W4 [29] (What, Where, When, Who). Per lo sviluppo del progetto hanno collaborato la IBM e il Computer Vision Laboratory della University of Maryland. Si tratta di un sistema in tempo reale per la video sorveglianza in ambienti aperti. L’obiettivo è di individuare, seguire e osservare il movimento di una persona o di un gruppo di persone. Per ogni persona nella scena si vuole conoscere cosa sta facendo (What), dove e quando lo sta facendo (Where e When) e chi lo sta facendo (Who). Le principali caratteristiche del sistema sono:

• Creazione di un modello dinamico dello sfondo che permetta di localizzare gli oggetti in movimento senza tenere conto di piccole variazioni dello sfondo come le foglie di un albero mosse dal vento.

• Capacità di distinguere le persone da altri oggetti in movimento come, ad esempio, le auto.

• Capacità di seguire gli spostamenti di più persone contemporaneamente anche quando si muovono insieme o interagiscono le une con le altre.

• Costruzione di una rappresentazione diversa per ogni persona così da poterne seguire gli spostamenti anche dopo eventuali occlusioni.

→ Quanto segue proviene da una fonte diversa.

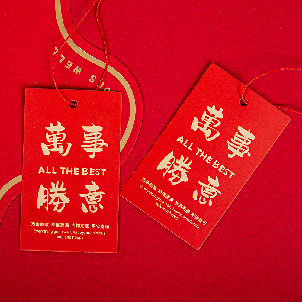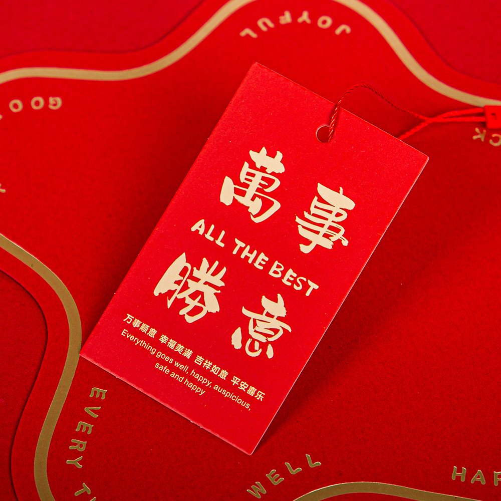 The tag's ‘May All Endeavours Prosper’ employs gold foil stamping: the rounded, full-bodied font boasts a soft, understated sheen that perfectly complements the deep red background, creating just the right festive atmosphere. The bilingual blessings in smaller type remain crisp and clear, free from smudging or blurring. The embossed characters offer a subtle tactile texture, as if the ‘blessings’ were physically etched into the cardstock.

• Modellazione del corpo umano utilizzando sei componenti principali (testa, mani, piedi, torso). Il sistema non solo è in grado di individuare elementi ma anche di farne il tracking.

• Il sistema è anche in grado di determinare se una persona sta portando un oggetto, se lo sta scambiando con un’altra o se lo sta depositando o prendendo.

Per l’acquisizione delle immagini viene utilizzata una singola telecamera a livelli di grigio. Il sistema è stato testato utilizzando immagini ad una risoluzione di 320x240 pixel le immagini vengono elaborate alla frequenza di 25Hz.